**WORK INSTRUCTIONS**
Word for word, write out all the entries below, omitting every picture.
——————————
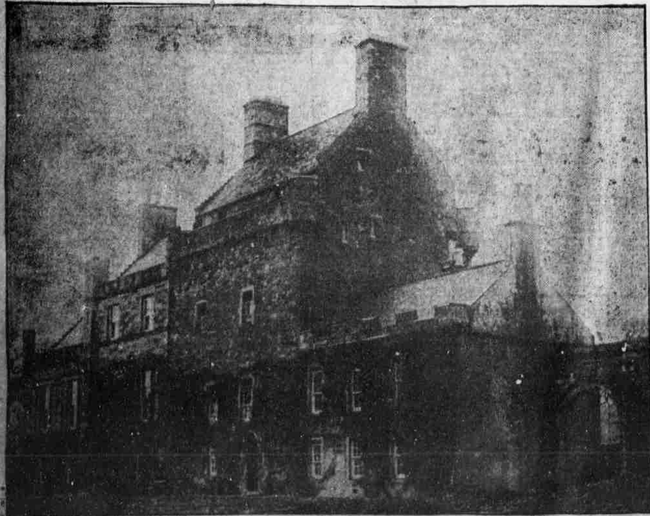
THE MANSION of Bernerayde, Berwickshire, England, ancestral estate of Earl Haig's family. The property is to be made a national gift to the commander-in-chief of Britain's Expeditionary Forces in France and Flanders during the war.
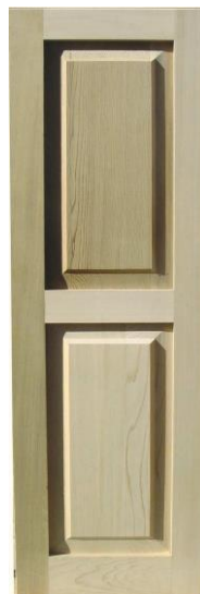
INT-DE-RP Raised Panel

These hefty interior raised panels are used as doors on pantries, closets, cabinets, shelving, and more. Flush sanded mortise & tenon construction allows for inset or surface trim options. Available in raised or flat panel styles. Add 10% for stain grade basswood. Call for quote using red oak or mahogany.
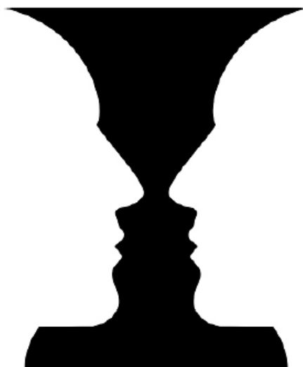
Figure 1. Optical Illusion.

Something must be strangely said about the very unusual experience of hearing a pitch-inverted song for the very first time. In some cases the music comes out as not sounding right, confusing, and more like a failure showing less than the expected 100% success rate now reported. Some of this is due to small errors that end up getting corrected, and doing the inversion by hand can introduce errors. However, this can't be the only reason for the initial confusion. Its like looking at the Figure 1 below, and getting confused about seeing a vase or two opposing faces.
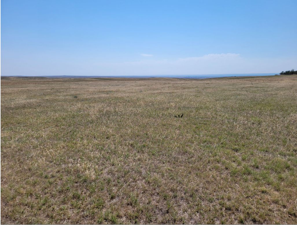
Looking south near the entrance to the permit area.
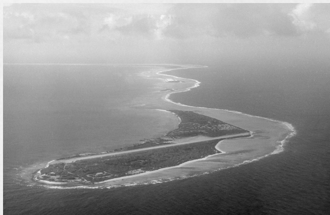
View of the Enyu Island in the Bikini Atoll.

Nuclear testing became a political, as well as a scientific, enterprise. International treaties regulated testing. International motivations resulted in test moratoriums, mutual or unilateral, and in the ending of such moratoriums. Nor was the number of tests or the nature of the tests free from political considerations. When the Soviet Union broke the moratorium in 1961, the United States responded by
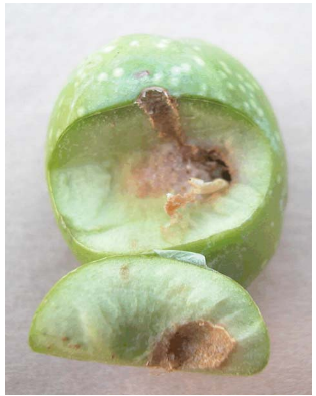
Exposed damage, showing cast pupal skin

Nonprofit Organization U. S. Postage PAID Orland, CA 95963 Permit No. 63
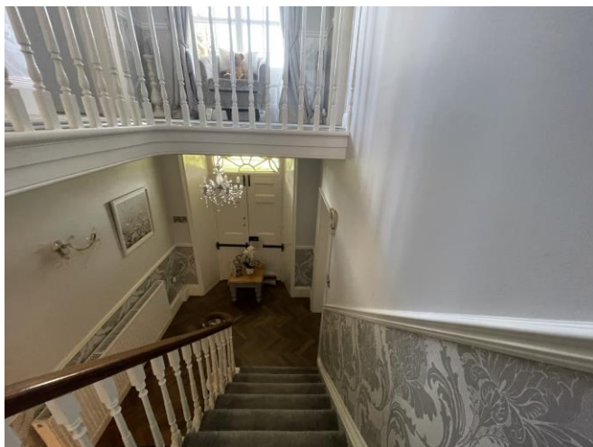
27. Floor tiles (Hallway)
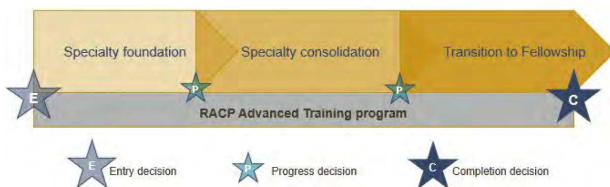
Figure 1: Advanced Training learning, teaching, and assessment structure
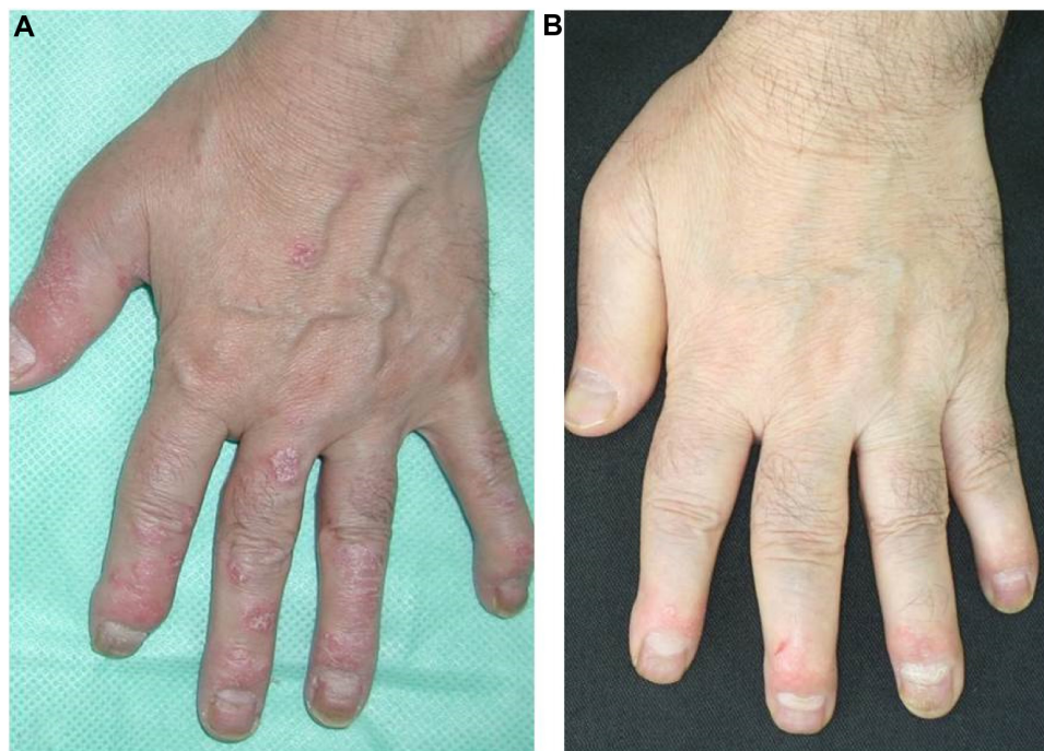
Figure 2 Progression of dactylitis.

It is quite important to detect PsA early because joint damage occurs and progresses in the early course of the disease. The “early” stage of PsA is usually used for patients with a duration of less than 2 years. 32,33 Dermatologists are uniquely poised to suspect PsA, which may lead to its early diagnosis, because cutaneous lesions precede the onset of joint pain in nearly 70% of patients. However, dermatologists may easily overlook PsA because, in general, little attention is paid to
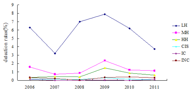
Figure 2. Time Distributions of the Prevalence of Different Diagnosis

et al., 2011) and 0.62% and 2.51% among 3227 people in Cixian (Chen et al., 2008). This is probably because the incidence of EC in Yancheng is lower than that in Linzhou, Feicheng and Cixian (Hao et al., 2012). As can be seen from the screening results, there exist a large proportion of people with precancerous conditions among the high risk populations of EC. If these cases can be detected and treated at an earlier stage, their conditions could then be stopped from further development and the incidence of EC would eventually be reduced.
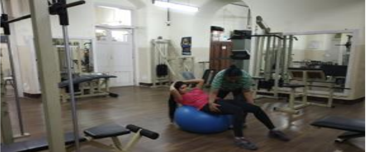
Gym facility is provided by the Gymkhana for all the students
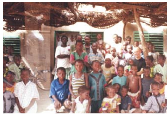
"Children helped by Carmelite Missions"

Your offering and your support are needed NOW more than ever.
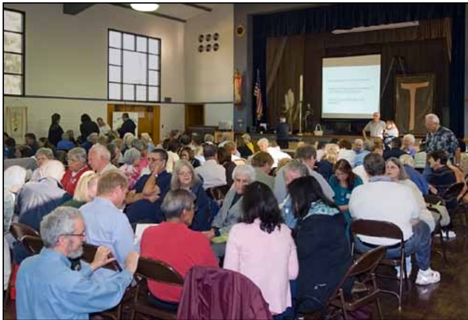
Regional Gathering at St. Gregory's Parish in Whittier, CA., October 5th, 2008.
——————————
**EXERCISE RESULT**
THE MANSION of Bernerayde, Berwickshire, England, ancestral estate of Earl Haig's family. The property is to be made a national gift to the commander-in-chief of Britain's Expeditionary Forces in France and Flanders during the war.
INT-DE-RP Raised Panel

These hefty interior raised panels are used as doors on pantries, closets, cabinets, shelving, and more. Flush sanded mortise & tenon construction allows for inset or surface trim options. Available in raised or flat panel styles. Add 10% for stain grade basswood. Call for quote using red oak or mahogany.
Figure 1. Optical Illusion.

Something must be strangely said about the very unusual experience of hearing a pitch-inverted song for the very first time. In some cases the music comes out as not sounding right, confusing, and more like a failure showing less than the expected 100% success rate now reported. Some of this is due to small errors that end up getting corrected, and doing the inversion by hand can introduce errors. However, this can't be the only reason for the initial confusion. Its like looking at the Figure 1 below, and getting confused about seeing a vase or two opposing faces.
Looking south near the entrance to the permit area.
View of the Enyu Island in the Bikini Atoll.

Nuclear testing became a political, as well as a scientific, enterprise. International treaties regulated testing. International motivations resulted in test moratoriums, mutual or unilateral, and in the ending of such moratoriums. Nor was the number of tests or the nature of the tests free from political considerations. When the Soviet Union broke the moratorium in 1961, the United States responded by
Exposed damage, showing cast pupal skin

Nonprofit Organization U. S. Postage PAID Orland, CA 95963 Permit No. 63
27. Floor tiles (Hallway)
Figure 1: Advanced Training learning, teaching, and assessment structure
Figure 2 Progression of dactylitis.

It is quite important to detect PsA early because joint damage occurs and progresses in the early course of the disease. The “early” stage of PsA is usually used for patients with a duration of less than 2 years. 32,33 Dermatologists are uniquely poised to suspect PsA, which may lead to its early diagnosis, because cutaneous lesions precede the onset of joint pain in nearly 70% of patients. However, dermatologists may easily overlook PsA because, in general, little attention is paid to
Figure 2. Time Distributions of the Prevalence of Different Diagnosis

et al., 2011) and 0.62% and 2.51% among 3227 people in Cixian (Chen et al., 2008). This is probably because the incidence of EC in Yancheng is lower than that in Linzhou, Feicheng and Cixian (Hao et al., 2012). As can be seen from the screening results, there exist a large proportion of people with precancerous conditions among the high risk populations of EC. If these cases can be detected and treated at an earlier stage, their conditions could then be stopped from further development and the incidence of EC would eventually be reduced.
Gym facility is provided by the Gymkhana for all the students
"Children helped by Carmelite Missions"

Your offering and your support are needed NOW more than ever.
Regional Gathering at St. Gregory's Parish in Whittier, CA., October 5th, 2008.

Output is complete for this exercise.